## GOAL OF THE EXERCISE
Exactly as written, please repeat the data that follows, but not the pictures.

## THE DATA
- - - -
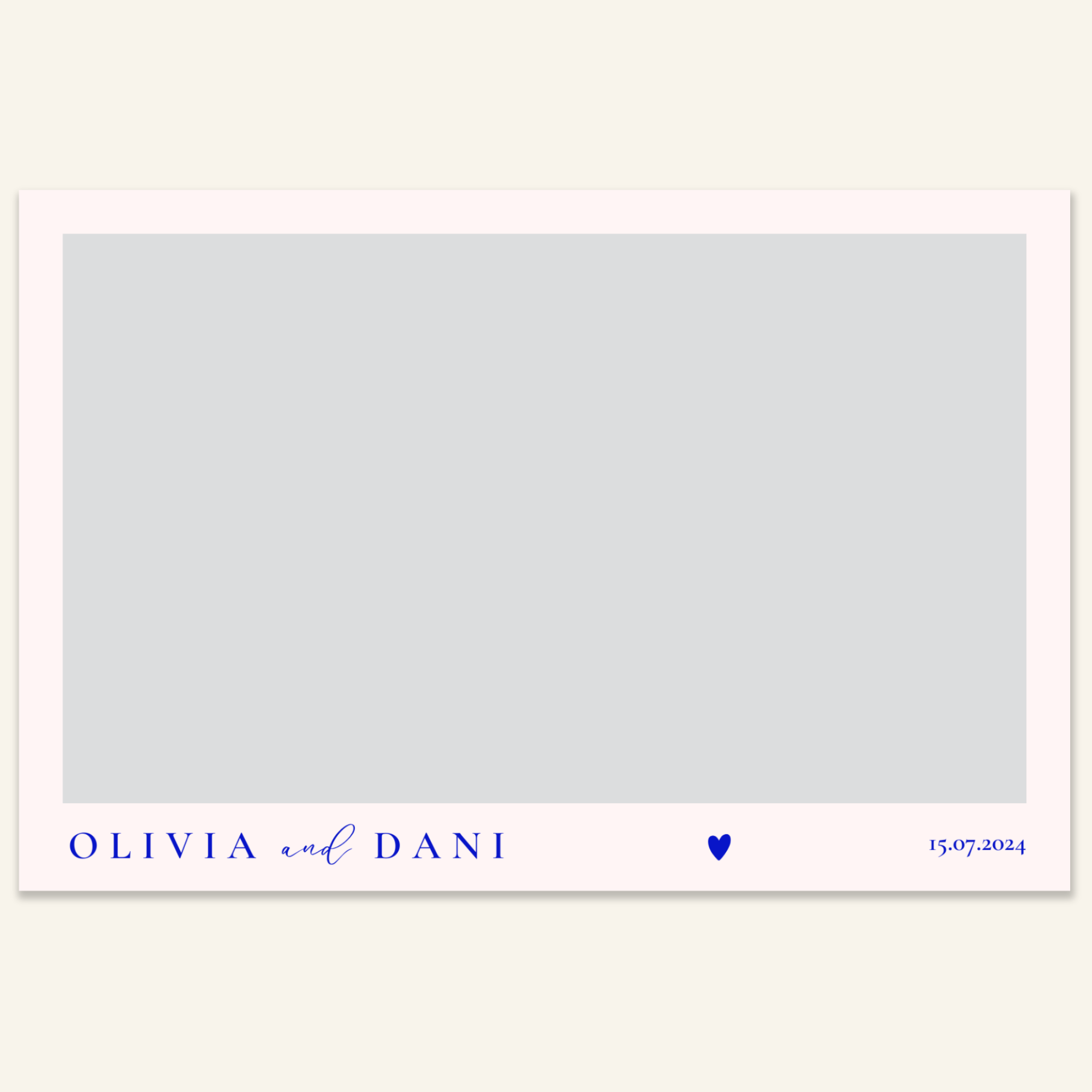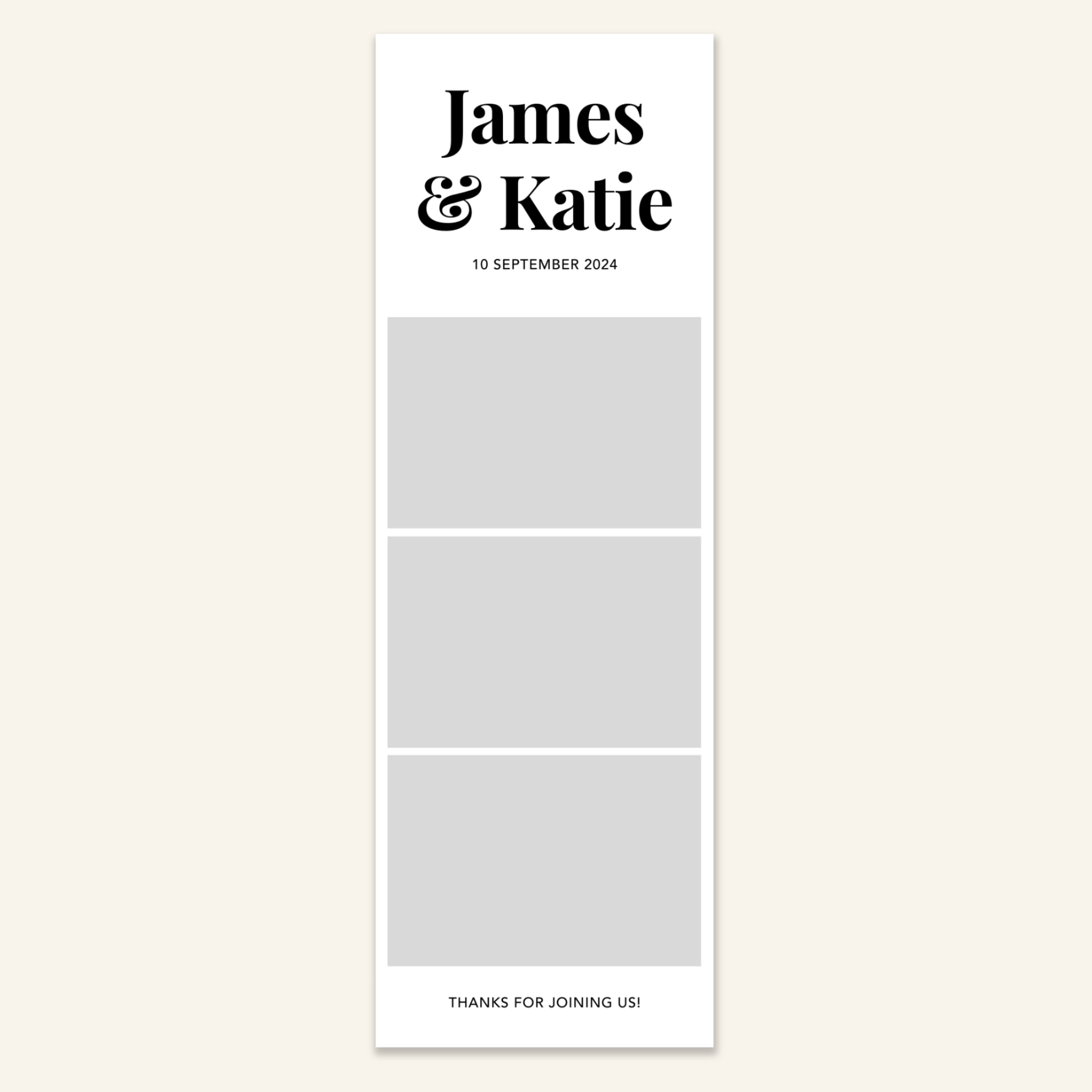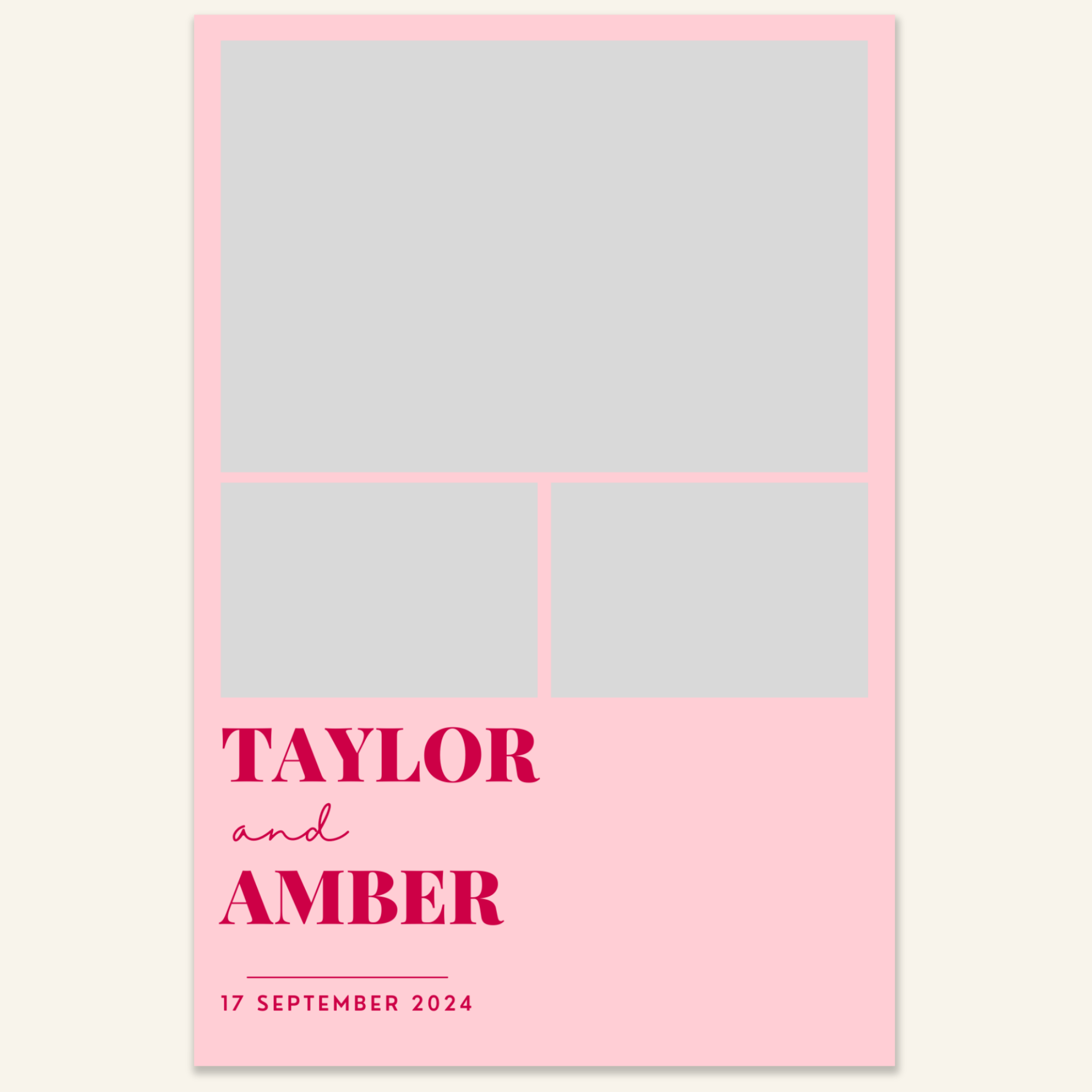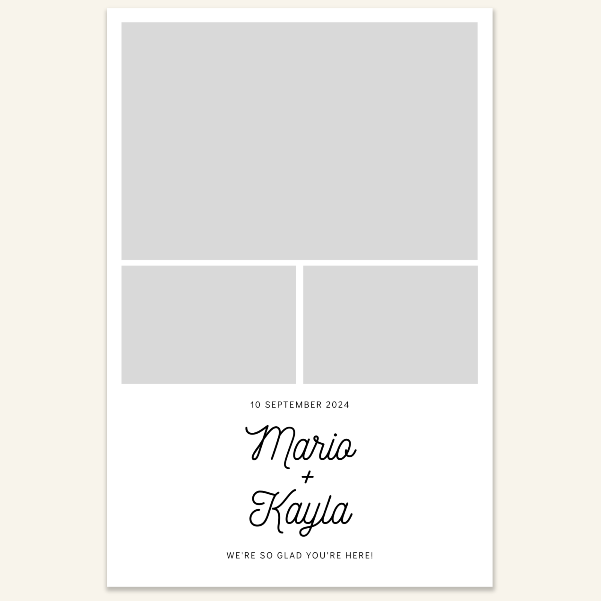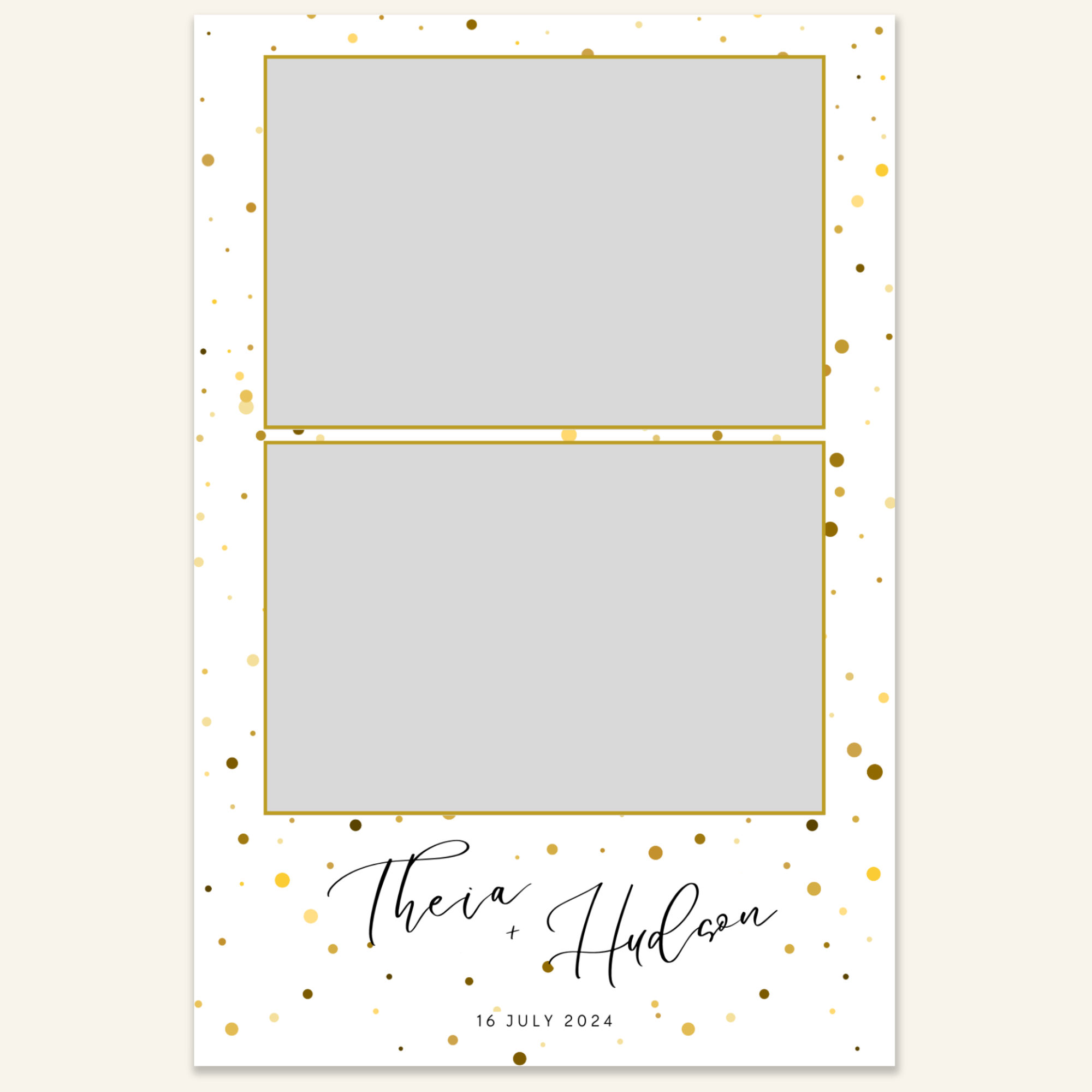 Step 3: Personalise your print template by adding your event name, date, and/or custom message. (eg. Sophia & Lucas / 12 April 2024 / Thanks for joining us!)
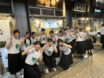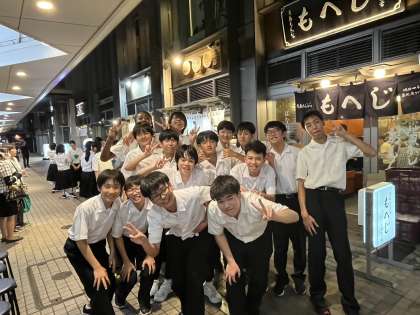 【修学旅行1日目】夕食はクラスでもんじゃ1組 公開日 2024/09/17 更新日 2024/09/17 学校行事 もんじゃ焼き「まるた」の前でパシャリ。 美味しくいただきました。 ※その他のクラスは、「非公開ページ」に公開します。
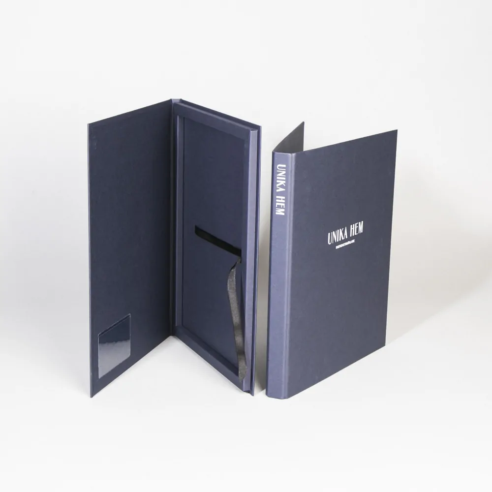 Pro realitní kancelář Unika Hem jsme vyrobili pořadač pro realitní kancelář a krabičku pro realitní kancelář z papíru s odpovídajícím designem. Krabice je vyrobena z designového kartonu ve stejné barvě a uvnitř je upevněn extra dlouhý zvedací popruh. Logo je vyraženo bílou fólií.
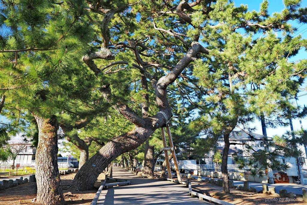 千姿百態的海岸松林,長年受到海風的吹拂,彎曲的姿態各不相同。尤其遇到颱風來襲,有許多棵遭受大潮所帶來的鹽害。如何保護松樹免於鹽分的侵蝕,是靜岡市政府當務之急。
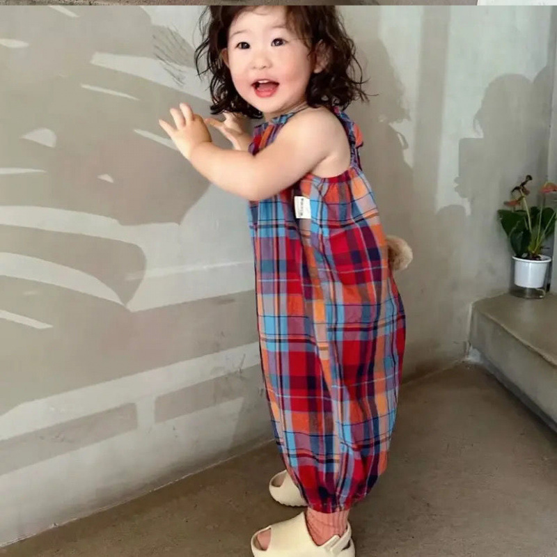 한국 아동복 바지 여름 새로운 도착 세련된 귀여운 토끼 꼬리 격자 끈 슬링 캐주얼 바지
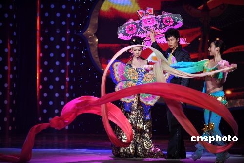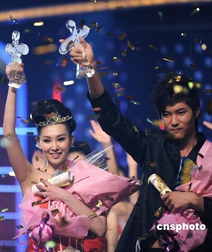 日前,2008第九屆CCTV模特電視大賽緊張進(jìn)行。經(jīng)過激烈的爭奪曹軼霖和李昕岳分別奪得該賽男女冠軍。本次總決賽暨頒獎晚會還獨(dú)具匠心地引入了“非物質(zhì)文化遺產(chǎn)”中的中國元素。中新社發(fā) 廖攀 攝
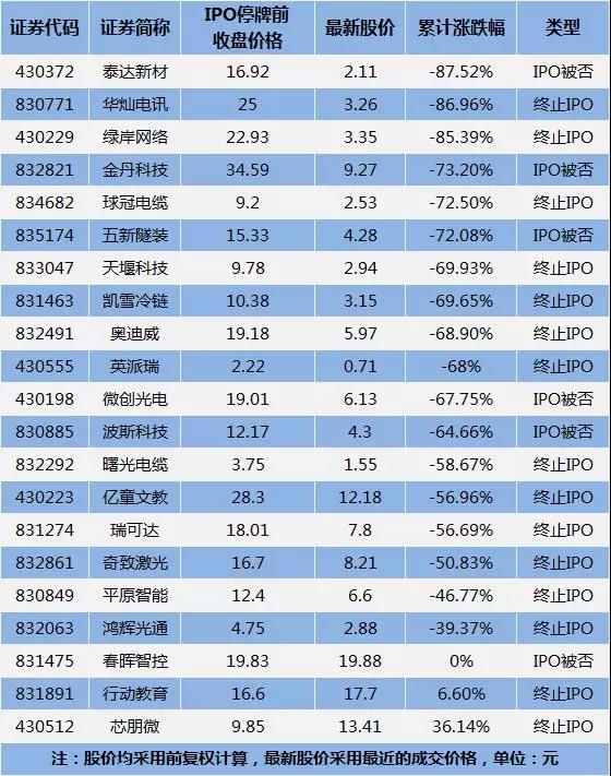 出去摘牌以及無成交的公司,剩下的公司中,那些曾經(jīng)采用過做市轉(zhuǎn)讓、股東人數(shù)較多的,在IPO失敗后復(fù)牌時(shí)大多都出現(xiàn)了暴跌。下跌50%基本屬于“正常水平”,多的跌幅會(huì)超過70%甚至80%。
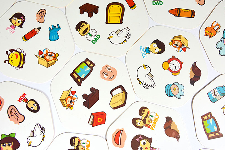 • Thành phần mỗi bộ trò chơi bao gồm: 62 thẻ chơi, mỗi thẻ có 6 hình tương ứng với 6 từ vựng, 1 tờ đọc tên tương ứng với 62 từ vựng, có cả tiếng Anh và tiếng Việt, 1 tờ hướng dẫn chơi, với 3 cách chơi cơ bản có thể áp dụng ngay.
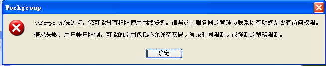 如果此时还出现共享文件拒绝访问的情况,尤其是XP系统访问Win7系统时无法访问,如下提示:
- - - -
## EXPECTED ANSWER
 Step 3: Personalise your print template by adding your event name, date, and/or custom message. (eg. Sophia & Lucas / 12 April 2024 / Thanks for joining us!)
 【修学旅行1日目】夕食はクラスでもんじゃ1組 公開日 2024/09/17 更新日 2024/09/17 学校行事 もんじゃ焼き「まるた」の前でパシャリ。 美味しくいただきました。 ※その他のクラスは、「非公開ページ」に公開します。
 Pro realitní kancelář Unika Hem jsme vyrobili pořadač pro realitní kancelář a krabičku pro realitní kancelář z papíru s odpovídajícím designem. Krabice je vyrobena z designového kartonu ve stejné barvě a uvnitř je upevněn extra dlouhý zvedací popruh. Logo je vyraženo bílou fólií.
 千姿百態的海岸松林,長年受到海風的吹拂,彎曲的姿態各不相同。尤其遇到颱風來襲,有許多棵遭受大潮所帶來的鹽害。如何保護松樹免於鹽分的侵蝕,是靜岡市政府當務之急。
 한국 아동복 바지 여름 새로운 도착 세련된 귀여운 토끼 꼬리 격자 끈 슬링 캐주얼 바지
 日前,2008第九屆CCTV模特電視大賽緊張進(jìn)行。經(jīng)過激烈的爭奪曹軼霖和李昕岳分別奪得該賽男女冠軍。本次總決賽暨頒獎晚會還獨(dú)具匠心地引入了“非物質(zhì)文化遺產(chǎn)”中的中國元素。中新社發(fā) 廖攀 攝
 出去摘牌以及無成交的公司,剩下的公司中,那些曾經(jīng)采用過做市轉(zhuǎn)讓、股東人數(shù)較多的,在IPO失敗后復(fù)牌時(shí)大多都出現(xiàn)了暴跌。下跌50%基本屬于“正常水平”,多的跌幅會(huì)超過70%甚至80%。
 • Thành phần mỗi bộ trò chơi bao gồm: 62 thẻ chơi, mỗi thẻ có 6 hình tương ứng với 6 từ vựng, 1 tờ đọc tên tương ứng với 62 từ vựng, có cả tiếng Anh và tiếng Việt, 1 tờ hướng dẫn chơi, với 3 cách chơi cơ bản có thể áp dụng ngay.
 如果此时还出现共享文件拒绝访问的情况,尤其是XP系统访问Win7系统时无法访问,如下提示:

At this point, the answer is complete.